• **INPUT**:
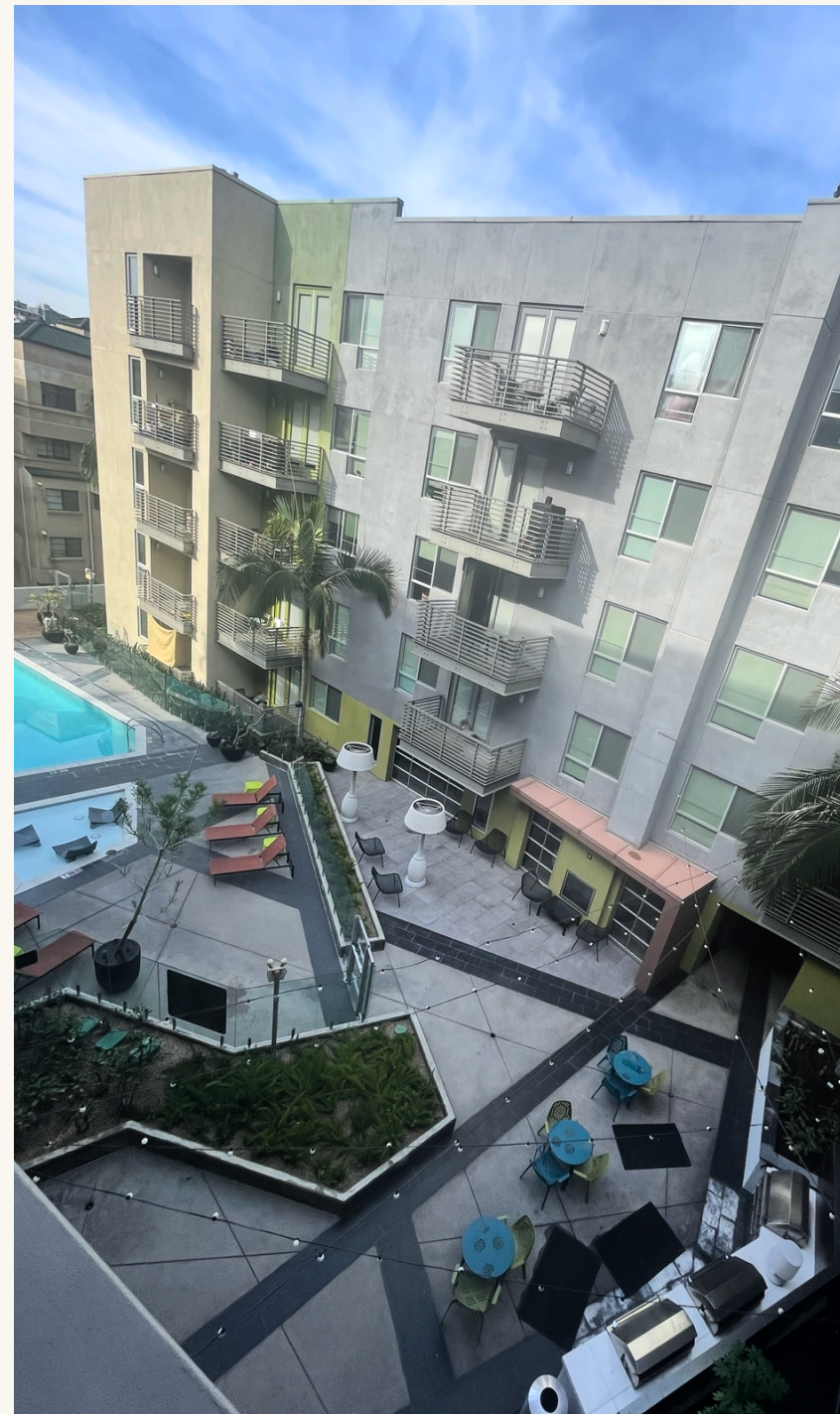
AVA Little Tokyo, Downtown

...

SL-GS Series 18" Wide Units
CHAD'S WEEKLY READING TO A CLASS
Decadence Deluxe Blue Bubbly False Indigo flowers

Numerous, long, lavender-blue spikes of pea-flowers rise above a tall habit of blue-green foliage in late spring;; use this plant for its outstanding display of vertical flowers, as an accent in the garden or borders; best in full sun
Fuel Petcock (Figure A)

* * *

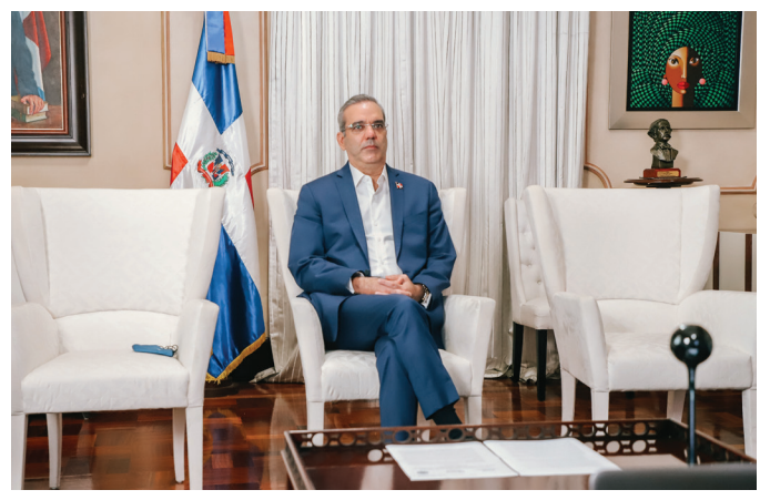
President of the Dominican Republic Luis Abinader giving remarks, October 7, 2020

• **PROBLEM REQUIREMENTS**: From the entries above, restate word for word the lines from the line containing "CHAD'S WEEKLY READING TO A CLASS" to the line containing "Fuel Petcock (Figure A)", both ends included, and nothing more.

• **RESULT OF THIS TASK**:
CHAD'S WEEKLY READING TO A CLASS
Decadence Deluxe Blue Bubbly False Indigo flowers

Numerous, long, lavender-blue spikes of pea-flowers rise above a tall habit of blue-green foliage in late spring;; use this plant for its outstanding display of vertical flowers, as an accent in the garden or borders; best in full sun
Fuel Petcock (Figure A)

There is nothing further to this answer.